Elekta AB Financial Update: Mixed Signals Amidst Strong Earnings Report
Elekta AB, a leading healthcare equipment and supply company based in Stockholm, Sweden, recently released its Q4 2025 earnings report, which has elicited mixed reactions from the market and analysts. The company, known for its equipment and software for cancer and brain disorder treatments, reported a stronger-than-expected earnings result, yet faced challenges in its order intake.
Earnings Call and Market Reaction
On May 28, 2025, Elekta held its Q4 earnings call, where it reported a better-than-anticipated earnings result. Despite this positive outcome, the company’s order intake was weaker than expected, raising concerns among investors and analysts. Citi, in a report commentary, highlighted the weak order intake as a significant concern, questioning how Elekta might meet consensus expectations moving forward.

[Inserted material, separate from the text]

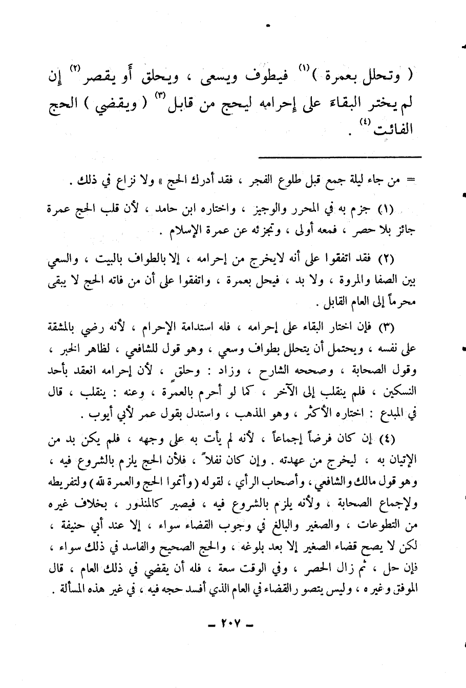 (¬2) فقد اتفقوا على أنه لا يخرج من إحرامه، إلا بالطواف بالبيت، والسعي بين الصفا والمروة، ولا بد فيحل بعمرة، واتفقوا على أن من فاته الحج لا يبقى محرما إلى العام القابل.

Despite these concerns, the market reacted positively to the earnings report. On the same day, Elekta’s stock experienced a notable increase, with the company’s shares rising by at least 5% at the opening of the Stockholm Stock Exchange. This uptick was attributed to the market’s focus on the improved gross and operating margins reported in the latest quarter.
Challenges and Strategic Moves
Elekta’s financial performance in the United States remains a point of concern, with the company expecting the weak order and revenue trends to persist into the early part of the 2025/2026 fiscal year. This outlook was shared by Elekta’s CFO, Tobias Hägglöv, during the earnings call. Additionally, the company is closely monitoring developments related to tariffs in the U.S., with interim CEO Jonas Bolander stating that Elekta is actively managing the situation.
In a strategic move, Elekta announced its intention to resubmit an application to the U.S. Food and Drug Administration (FDA) for its CT-guided treatment system, Evo. This decision was disclosed during the earnings call and represents a significant step in Elekta’s efforts to expand its product offerings in the U.S. market.
Leadership and Recruitment
On the leadership front, Elekta is progressing with its external recruitment process for a new CEO, as stated by interim CEO Jonas Bolander. This development indicates the company’s proactive approach to leadership transition and strategic planning.
Financial Overview
As of May 25, 2025, Elekta’s stock closed at 50.1 SEK, with a 52-week high of 87.35 SEK and a low of 44.5 SEK. The company’s market capitalization stands at 185.6 billion SEK, with a price-to-earnings ratio of 18.56. These figures reflect the company’s strong position in the healthcare equipment and supplies sector, despite the challenges it faces.
In summary, Elekta AB’s Q4 2025 earnings report presents a mixed picture, with strong earnings overshadowed by concerns over order intake and the U.S. market’s performance. However, the company’s strategic initiatives, including the resubmission of the Evo system to the FDA and the ongoing CEO recruitment process, signal its commitment to overcoming these challenges and capitalizing on growth opportunities.